Your goal:
Nothing but an exact copy is asked for: the lines in the material below from the one with "喜屋武 ポテトさんを姓名の画数から五運を鑑定" through the one with "3、透明質(zhì)酸鈉X燕", pictures excluded.

Records:
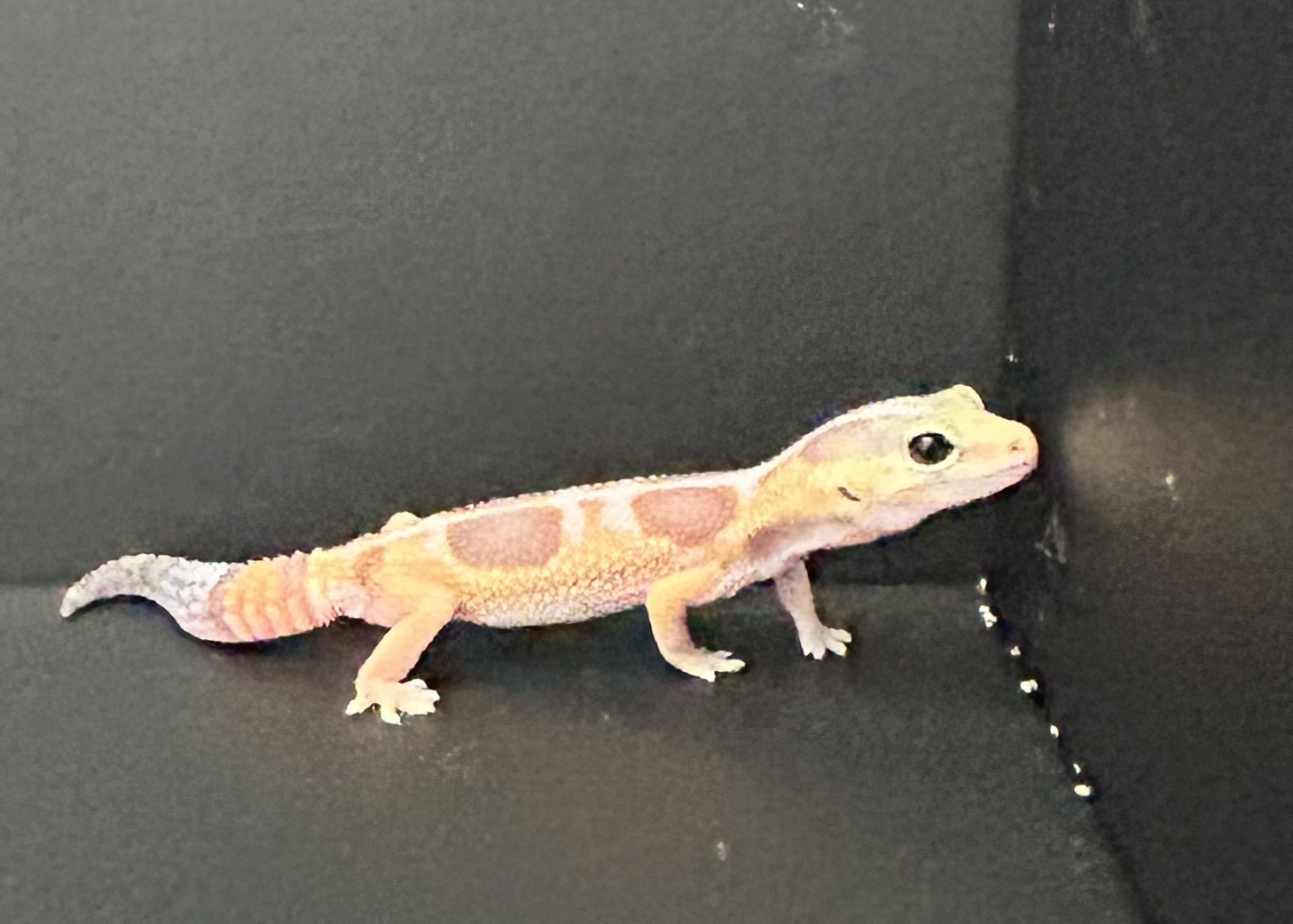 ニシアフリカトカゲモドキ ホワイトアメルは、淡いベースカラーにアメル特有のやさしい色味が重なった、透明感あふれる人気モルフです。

...

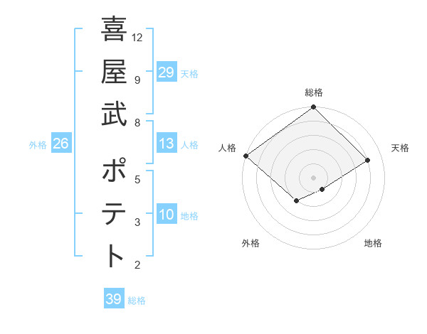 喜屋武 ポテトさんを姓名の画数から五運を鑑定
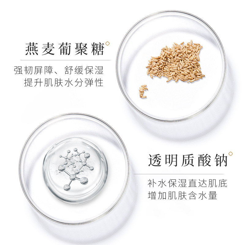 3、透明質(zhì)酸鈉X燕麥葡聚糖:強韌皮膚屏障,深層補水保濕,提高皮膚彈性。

--

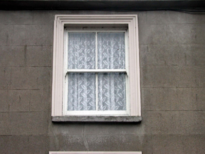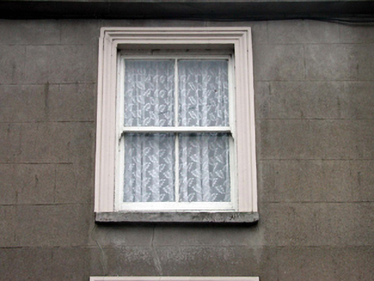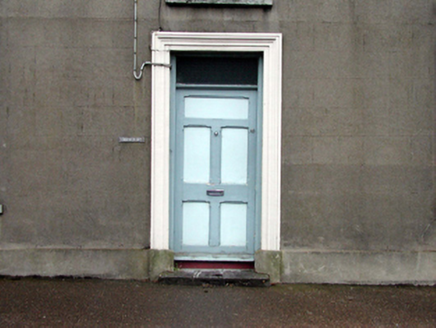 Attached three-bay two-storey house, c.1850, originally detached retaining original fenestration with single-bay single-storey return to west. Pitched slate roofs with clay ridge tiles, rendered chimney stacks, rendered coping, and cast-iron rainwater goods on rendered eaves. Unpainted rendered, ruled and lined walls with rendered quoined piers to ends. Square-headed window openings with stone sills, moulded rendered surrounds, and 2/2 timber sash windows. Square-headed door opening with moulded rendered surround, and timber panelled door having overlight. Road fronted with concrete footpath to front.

Exercise answer:
 喜屋武 ポテトさんを姓名の画数から五運を鑑定
 3、透明質(zhì)酸鈉X燕麥葡聚糖:強韌皮膚屏障,深層補水保濕,提高皮膚彈性。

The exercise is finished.